-- Data for this task follows --

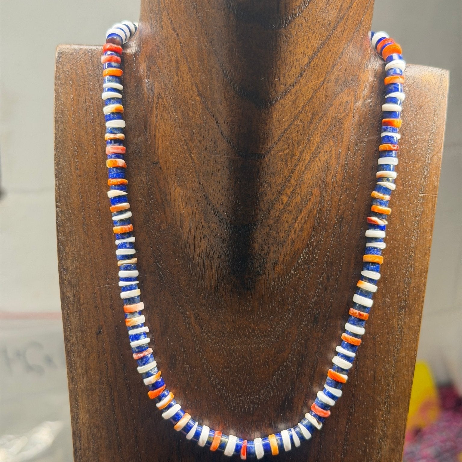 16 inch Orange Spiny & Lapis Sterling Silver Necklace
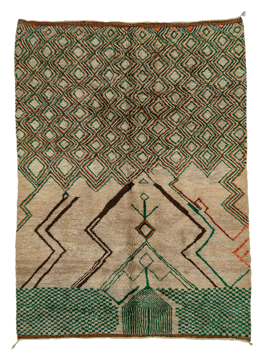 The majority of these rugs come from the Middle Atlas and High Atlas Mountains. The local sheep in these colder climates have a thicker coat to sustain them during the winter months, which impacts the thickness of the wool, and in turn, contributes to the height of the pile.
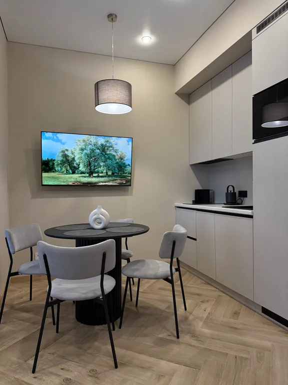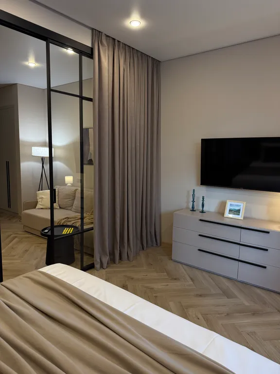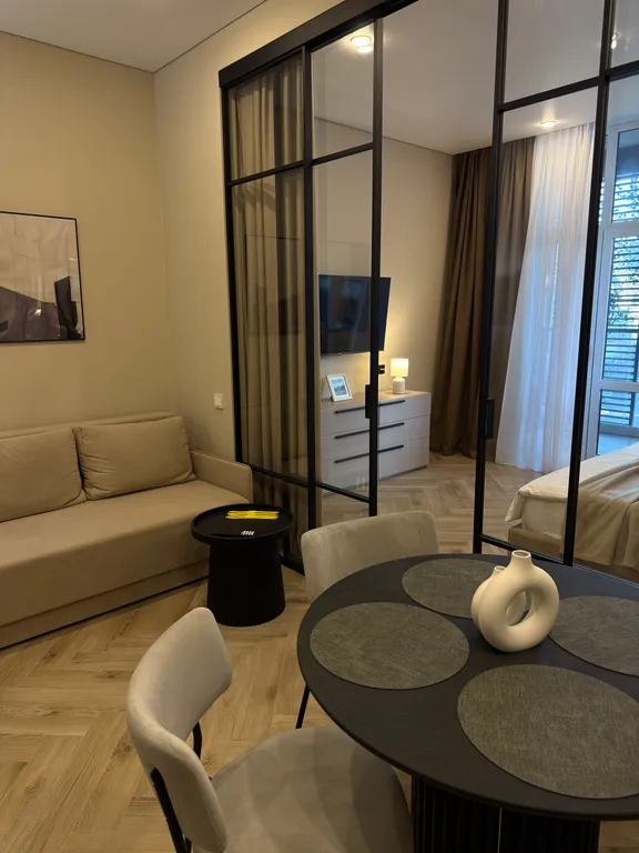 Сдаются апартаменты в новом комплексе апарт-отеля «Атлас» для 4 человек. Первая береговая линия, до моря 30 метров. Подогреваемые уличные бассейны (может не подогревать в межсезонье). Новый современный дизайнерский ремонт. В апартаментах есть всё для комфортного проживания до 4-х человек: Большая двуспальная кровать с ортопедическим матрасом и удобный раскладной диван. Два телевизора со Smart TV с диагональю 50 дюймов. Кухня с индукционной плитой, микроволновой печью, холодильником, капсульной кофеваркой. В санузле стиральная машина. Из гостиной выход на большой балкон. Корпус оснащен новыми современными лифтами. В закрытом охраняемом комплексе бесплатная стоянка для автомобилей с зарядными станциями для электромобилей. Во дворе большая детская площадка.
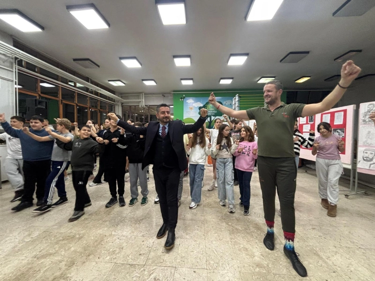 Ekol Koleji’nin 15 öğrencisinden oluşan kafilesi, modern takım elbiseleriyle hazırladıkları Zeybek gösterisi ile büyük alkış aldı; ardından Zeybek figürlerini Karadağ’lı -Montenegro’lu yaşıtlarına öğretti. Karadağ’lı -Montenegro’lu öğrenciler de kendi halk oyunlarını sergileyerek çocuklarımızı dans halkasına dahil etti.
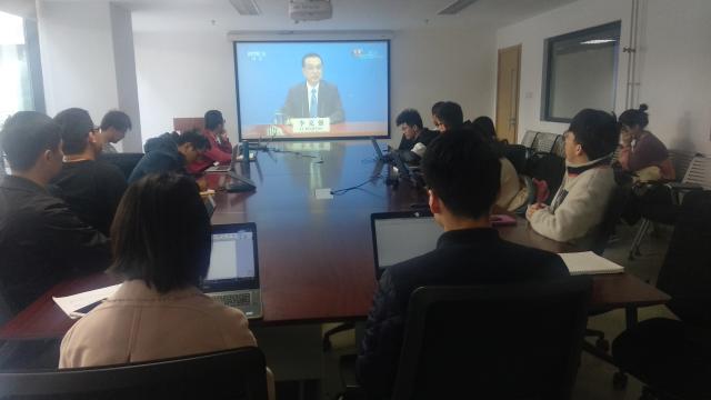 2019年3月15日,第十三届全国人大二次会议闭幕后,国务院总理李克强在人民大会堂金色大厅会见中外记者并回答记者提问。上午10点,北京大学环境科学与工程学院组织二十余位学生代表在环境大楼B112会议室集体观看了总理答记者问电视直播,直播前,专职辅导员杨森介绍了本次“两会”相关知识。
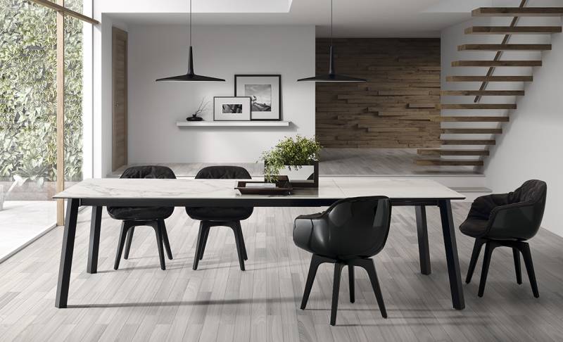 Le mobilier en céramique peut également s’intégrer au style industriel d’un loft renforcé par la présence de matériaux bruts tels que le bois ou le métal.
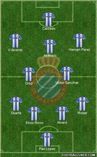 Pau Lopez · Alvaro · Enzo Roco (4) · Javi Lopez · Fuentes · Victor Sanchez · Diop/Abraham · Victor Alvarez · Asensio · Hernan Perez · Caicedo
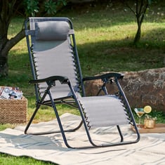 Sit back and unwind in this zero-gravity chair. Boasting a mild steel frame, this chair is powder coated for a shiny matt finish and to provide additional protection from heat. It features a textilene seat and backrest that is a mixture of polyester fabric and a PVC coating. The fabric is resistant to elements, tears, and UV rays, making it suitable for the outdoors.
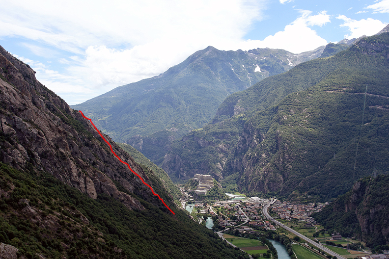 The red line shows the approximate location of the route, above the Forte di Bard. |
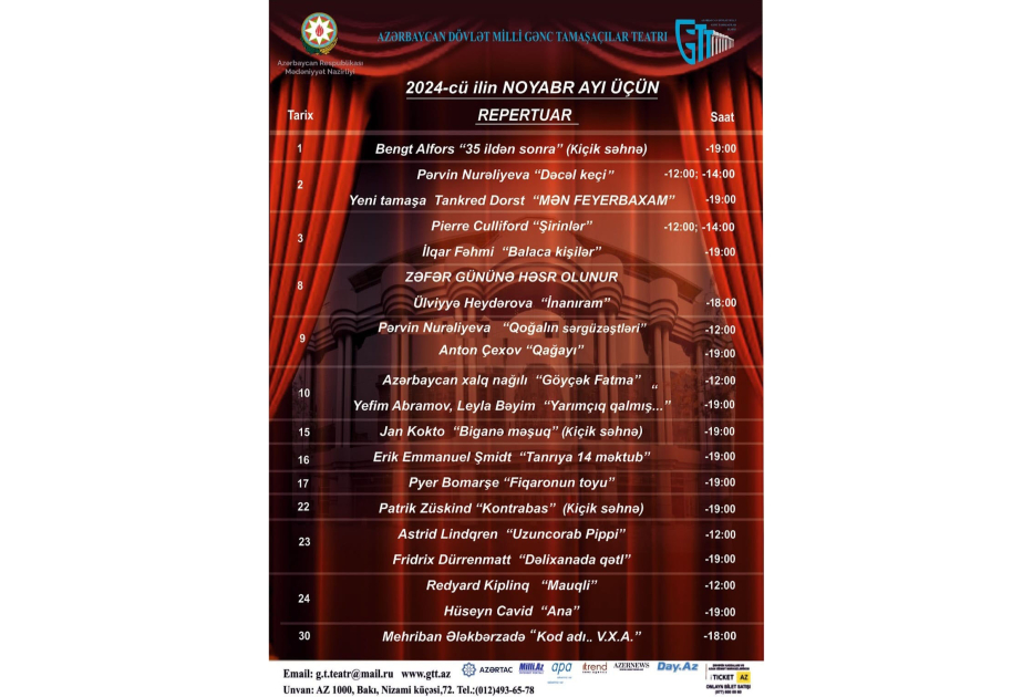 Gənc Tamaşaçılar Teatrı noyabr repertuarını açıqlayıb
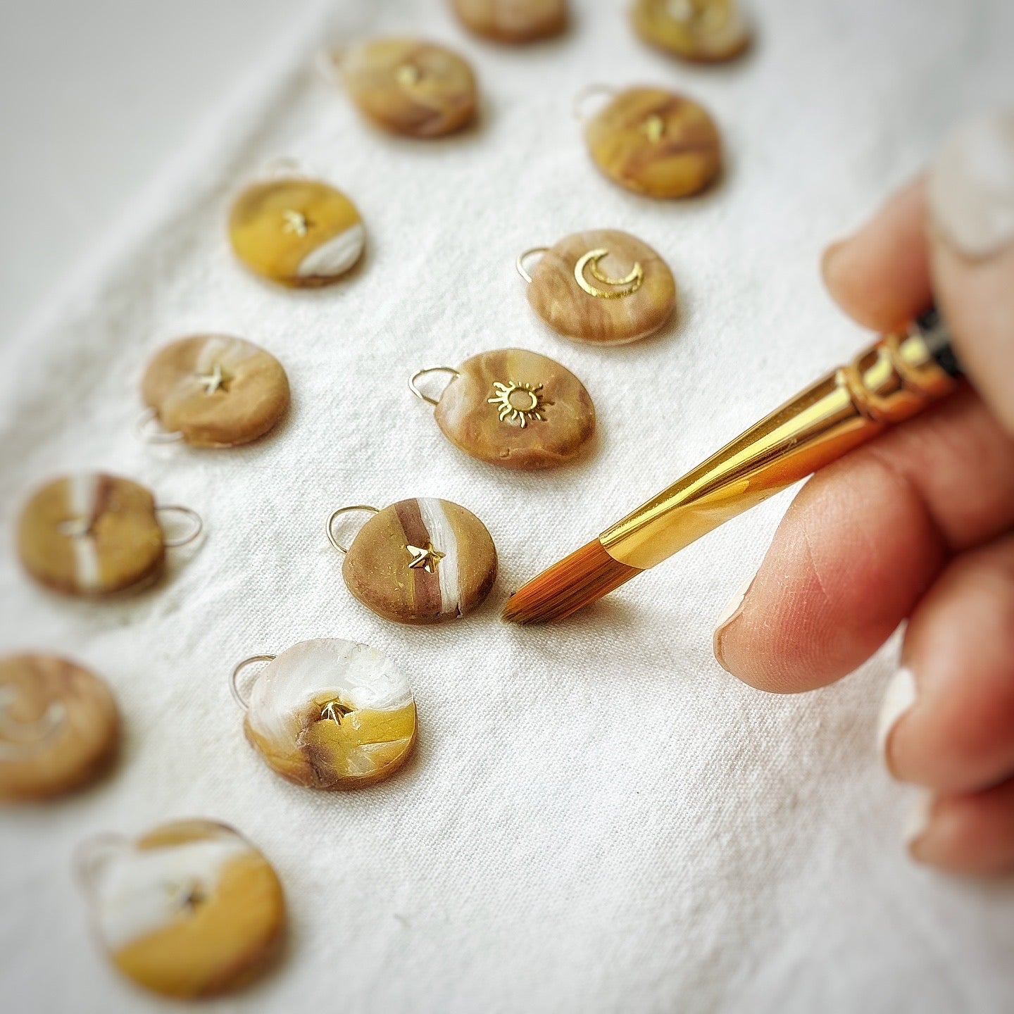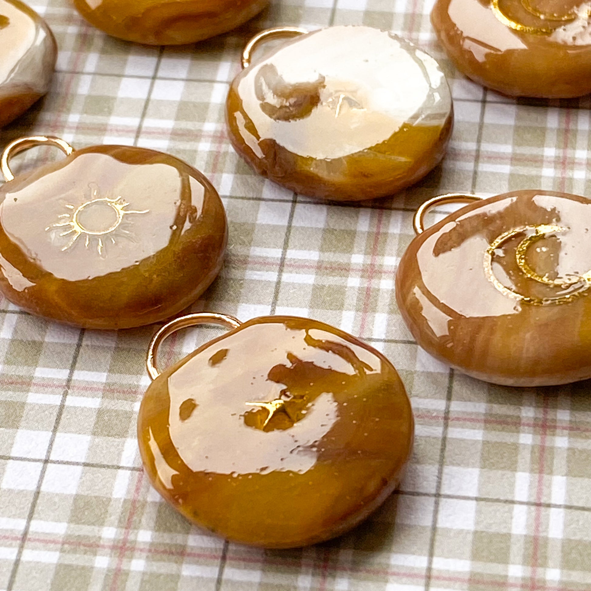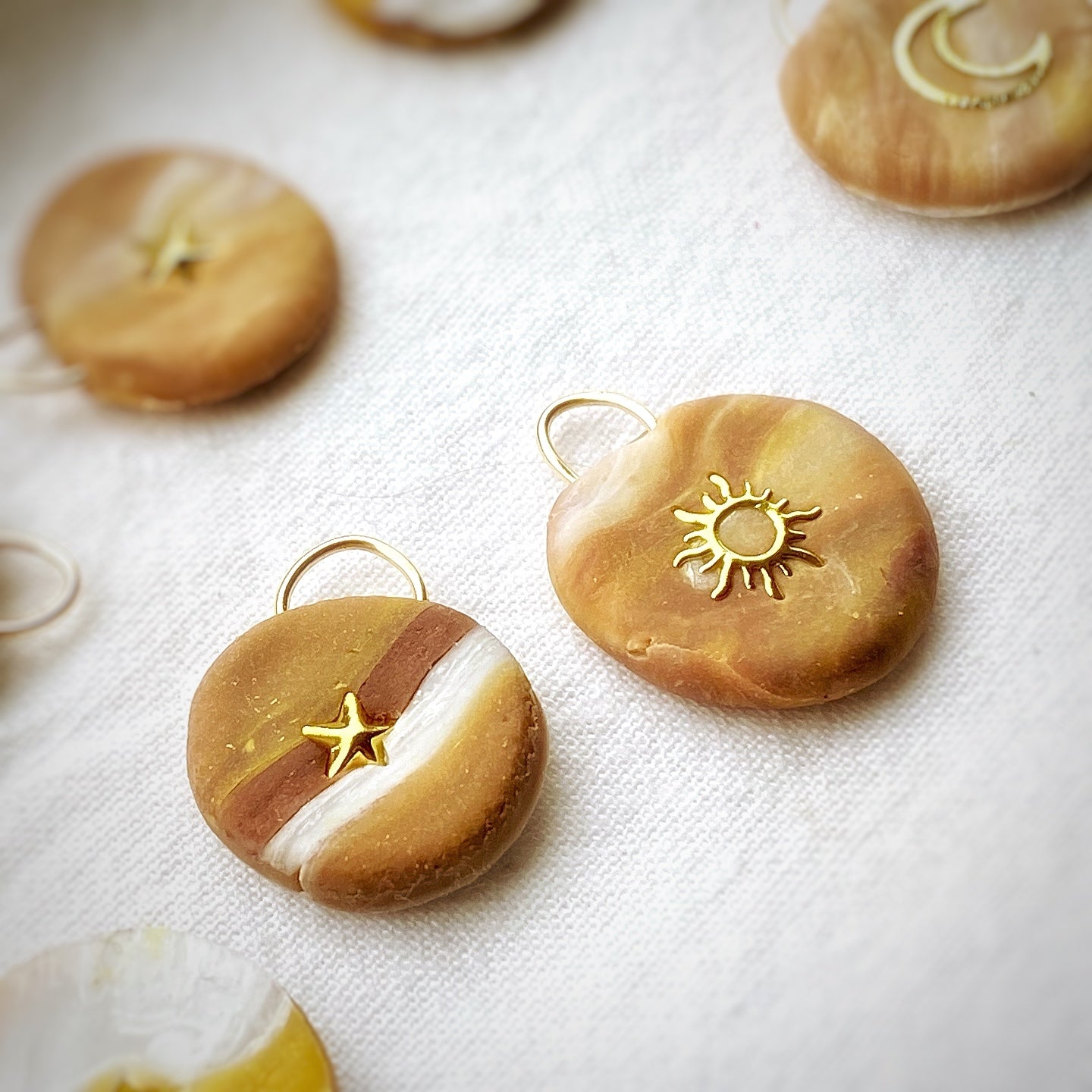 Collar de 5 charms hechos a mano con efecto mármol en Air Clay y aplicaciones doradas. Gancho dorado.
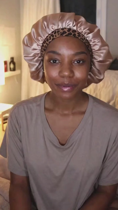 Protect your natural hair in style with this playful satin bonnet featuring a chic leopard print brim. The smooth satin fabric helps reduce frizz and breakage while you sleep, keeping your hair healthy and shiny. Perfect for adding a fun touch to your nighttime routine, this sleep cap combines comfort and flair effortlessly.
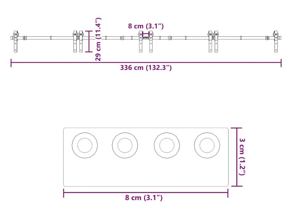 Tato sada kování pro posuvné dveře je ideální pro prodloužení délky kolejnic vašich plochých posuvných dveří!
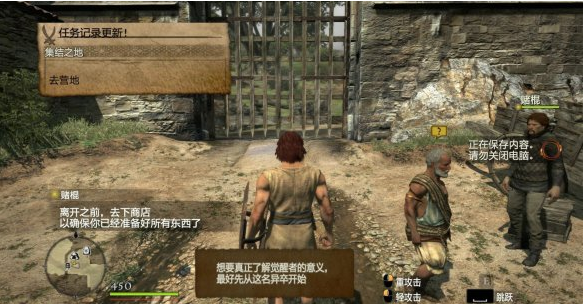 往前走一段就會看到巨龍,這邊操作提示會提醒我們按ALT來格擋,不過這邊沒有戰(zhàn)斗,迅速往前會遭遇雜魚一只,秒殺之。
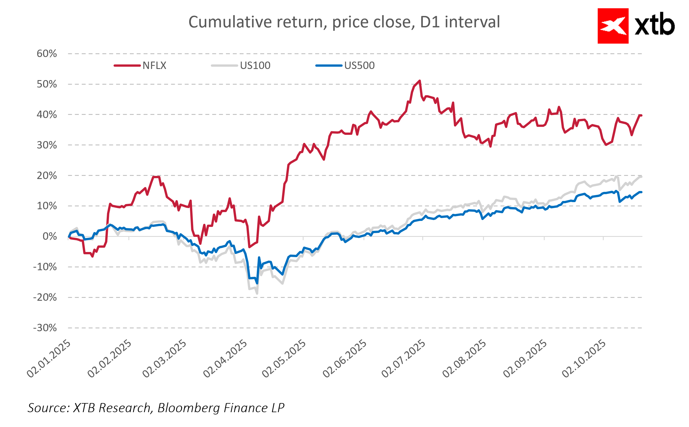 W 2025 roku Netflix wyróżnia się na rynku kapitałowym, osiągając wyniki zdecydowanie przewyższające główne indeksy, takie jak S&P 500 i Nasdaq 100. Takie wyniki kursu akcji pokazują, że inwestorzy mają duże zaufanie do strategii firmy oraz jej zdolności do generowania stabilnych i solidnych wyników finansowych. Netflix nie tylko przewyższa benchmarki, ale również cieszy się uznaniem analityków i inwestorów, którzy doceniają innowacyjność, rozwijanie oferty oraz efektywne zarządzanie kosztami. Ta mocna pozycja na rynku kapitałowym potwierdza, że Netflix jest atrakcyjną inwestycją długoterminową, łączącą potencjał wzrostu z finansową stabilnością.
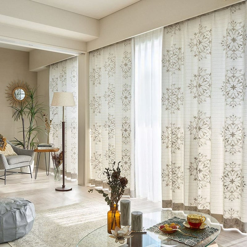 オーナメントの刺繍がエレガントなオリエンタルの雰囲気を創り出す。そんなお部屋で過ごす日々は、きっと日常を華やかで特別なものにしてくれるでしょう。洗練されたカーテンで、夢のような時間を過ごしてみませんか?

-- Data for this task concluded --

What to work on: When you reach the line that has "Gənc Tamaşaçılar Teatrı" in the data above, start repeating lines exactly, and stop after the line that has "往前走一段就會看到巨龍,這邊"; pictures stay out.

Written solution:
 Gənc Tamaşaçılar Teatrı noyabr repertuarını açıqlayıb
 Collar de 5 charms hechos a mano con efecto mármol en Air Clay y aplicaciones doradas. Gancho dorado.
 Protect your natural hair in style with this playful satin bonnet featuring a chic leopard print brim. The smooth satin fabric helps reduce frizz and breakage while you sleep, keeping your hair healthy and shiny. Perfect for adding a fun touch to your nighttime routine, this sleep cap combines comfort and flair effortlessly.
 Tato sada kování pro posuvné dveře je ideální pro prodloužení délky kolejnic vašich plochých posuvných dveří!
 往前走一段就會看到巨龍,這邊操作提示會提醒我們按ALT來格擋,不過這邊沒有戰(zhàn)斗,迅速往前會遭遇雜魚一只,秒殺之。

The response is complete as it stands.